• _Requirement_
Without including any pictures, give back all of the data exactly.

• _Given data_
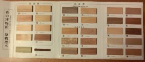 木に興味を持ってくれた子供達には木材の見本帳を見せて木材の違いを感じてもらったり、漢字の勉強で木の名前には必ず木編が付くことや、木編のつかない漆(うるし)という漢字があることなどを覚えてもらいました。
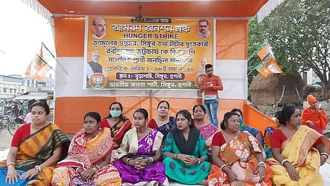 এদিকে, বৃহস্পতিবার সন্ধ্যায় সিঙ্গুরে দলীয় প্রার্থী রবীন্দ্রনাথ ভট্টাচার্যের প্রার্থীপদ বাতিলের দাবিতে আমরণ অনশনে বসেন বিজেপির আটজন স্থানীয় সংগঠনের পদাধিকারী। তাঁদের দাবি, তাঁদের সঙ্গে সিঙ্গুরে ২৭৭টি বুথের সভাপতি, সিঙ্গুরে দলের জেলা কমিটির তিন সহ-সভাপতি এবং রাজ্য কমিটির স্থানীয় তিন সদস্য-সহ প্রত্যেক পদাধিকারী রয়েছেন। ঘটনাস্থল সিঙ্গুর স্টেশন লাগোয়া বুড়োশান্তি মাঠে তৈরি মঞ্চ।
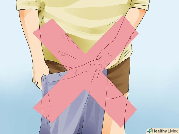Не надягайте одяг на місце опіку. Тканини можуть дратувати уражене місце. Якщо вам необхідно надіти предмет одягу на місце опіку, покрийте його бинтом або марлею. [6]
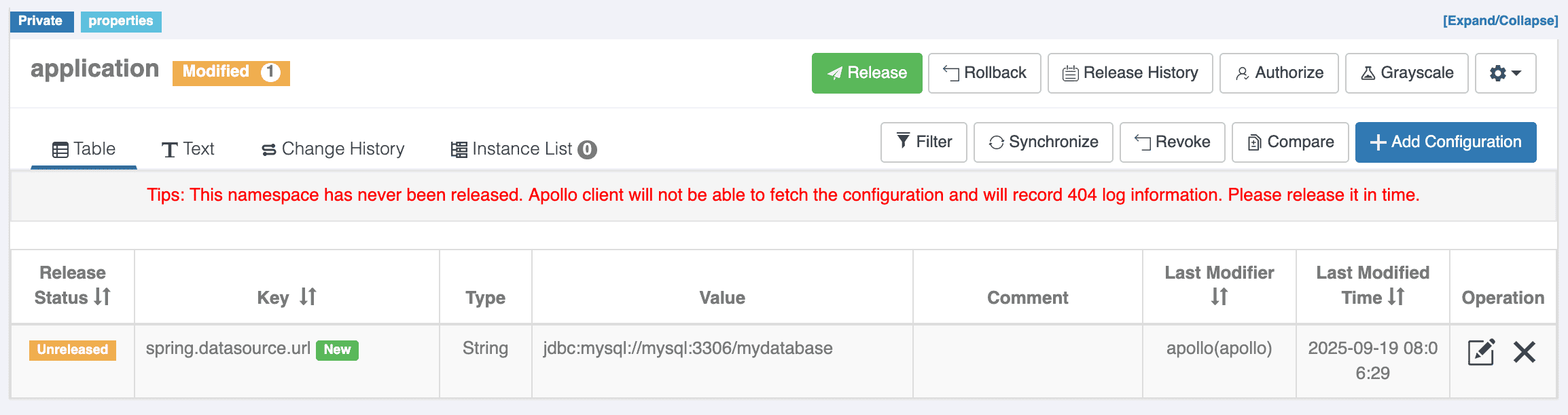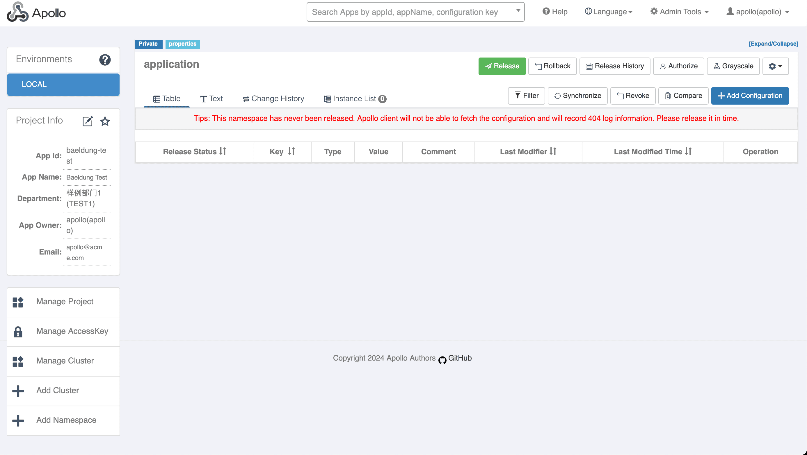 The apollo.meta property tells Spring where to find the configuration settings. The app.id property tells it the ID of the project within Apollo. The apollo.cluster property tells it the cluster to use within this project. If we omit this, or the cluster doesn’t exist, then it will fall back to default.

• _Written answer_
 木に興味を持ってくれた子供達には木材の見本帳を見せて木材の違いを感じてもらったり、漢字の勉強で木の名前には必ず木編が付くことや、木編のつかない漆(うるし)という漢字があることなどを覚えてもらいました。
 এদিকে, বৃহস্পতিবার সন্ধ্যায় সিঙ্গুরে দলীয় প্রার্থী রবীন্দ্রনাথ ভট্টাচার্যের প্রার্থীপদ বাতিলের দাবিতে আমরণ অনশনে বসেন বিজেপির আটজন স্থানীয় সংগঠনের পদাধিকারী। তাঁদের দাবি, তাঁদের সঙ্গে সিঙ্গুরে ২৭৭টি বুথের সভাপতি, সিঙ্গুরে দলের জেলা কমিটির তিন সহ-সভাপতি এবং রাজ্য কমিটির স্থানীয় তিন সদস্য-সহ প্রত্যেক পদাধিকারী রয়েছেন। ঘটনাস্থল সিঙ্গুর স্টেশন লাগোয়া বুড়োশান্তি মাঠে তৈরি মঞ্চ।
Не надягайте одяг на місце опіку. Тканини можуть дратувати уражене місце. Якщо вам необхідно надіти предмет одягу на місце опіку, покрийте його бинтом або марлею. [6]
 The apollo.meta property tells Spring where to find the configuration settings. The app.id property tells it the ID of the project within Apollo. The apollo.cluster property tells it the cluster to use within this project. If we omit this, or the cluster doesn’t exist, then it will fall back to default.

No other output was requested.